_How to complete this task_
Only the lines below between the one holding "UK now has flatter" and the one holding "На подъезде к", inclusive, are to be reproduced word for word; the pictures are to be left out.

_Entries supplied_
--

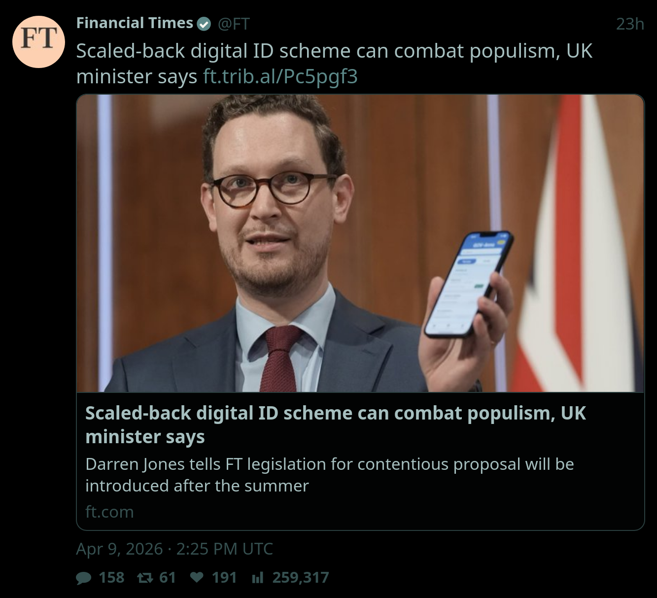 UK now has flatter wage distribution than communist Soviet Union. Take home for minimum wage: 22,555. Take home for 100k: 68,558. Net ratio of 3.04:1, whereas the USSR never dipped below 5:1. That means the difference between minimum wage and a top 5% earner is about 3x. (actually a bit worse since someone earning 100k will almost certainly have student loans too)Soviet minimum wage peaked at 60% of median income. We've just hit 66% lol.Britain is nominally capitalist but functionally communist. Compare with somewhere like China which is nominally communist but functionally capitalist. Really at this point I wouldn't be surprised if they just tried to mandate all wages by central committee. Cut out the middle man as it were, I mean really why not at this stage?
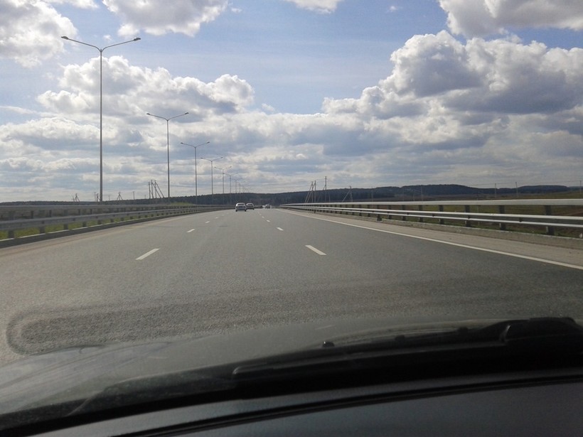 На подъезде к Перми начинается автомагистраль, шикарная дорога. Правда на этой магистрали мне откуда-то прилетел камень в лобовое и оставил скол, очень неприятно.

--

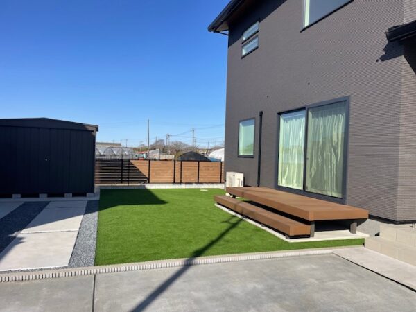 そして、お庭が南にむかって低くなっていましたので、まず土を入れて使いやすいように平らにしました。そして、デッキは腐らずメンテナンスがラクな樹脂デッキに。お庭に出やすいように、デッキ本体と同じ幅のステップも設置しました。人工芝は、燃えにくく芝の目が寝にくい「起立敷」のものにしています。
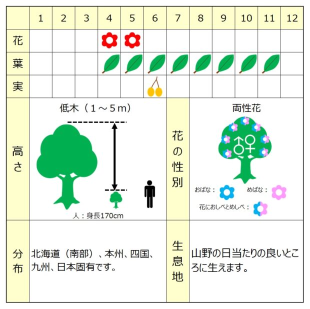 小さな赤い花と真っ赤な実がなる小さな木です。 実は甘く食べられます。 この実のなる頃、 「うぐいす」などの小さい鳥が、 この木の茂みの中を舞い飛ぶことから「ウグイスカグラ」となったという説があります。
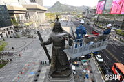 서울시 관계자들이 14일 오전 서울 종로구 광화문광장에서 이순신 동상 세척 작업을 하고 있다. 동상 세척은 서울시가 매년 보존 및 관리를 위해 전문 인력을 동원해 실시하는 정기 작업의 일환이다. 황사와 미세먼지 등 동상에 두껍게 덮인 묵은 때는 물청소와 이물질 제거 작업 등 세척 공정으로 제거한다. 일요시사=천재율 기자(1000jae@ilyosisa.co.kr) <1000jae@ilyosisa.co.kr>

--

_Expected answer_
 UK now has flatter wage distribution than communist Soviet Union. Take home for minimum wage: 22,555. Take home for 100k: 68,558. Net ratio of 3.04:1, whereas the USSR never dipped below 5:1. That means the difference between minimum wage and a top 5% earner is about 3x. (actually a bit worse since someone earning 100k will almost certainly have student loans too)Soviet minimum wage peaked at 60% of median income. We've just hit 66% lol.Britain is nominally capitalist but functionally communist. Compare with somewhere like China which is nominally communist but functionally capitalist. Really at this point I wouldn't be surprised if they just tried to mandate all wages by central committee. Cut out the middle man as it were, I mean really why not at this stage?
 На подъезде к Перми начинается автомагистраль, шикарная дорога. Правда на этой магистрали мне откуда-то прилетел камень в лобовое и оставил скол, очень неприятно.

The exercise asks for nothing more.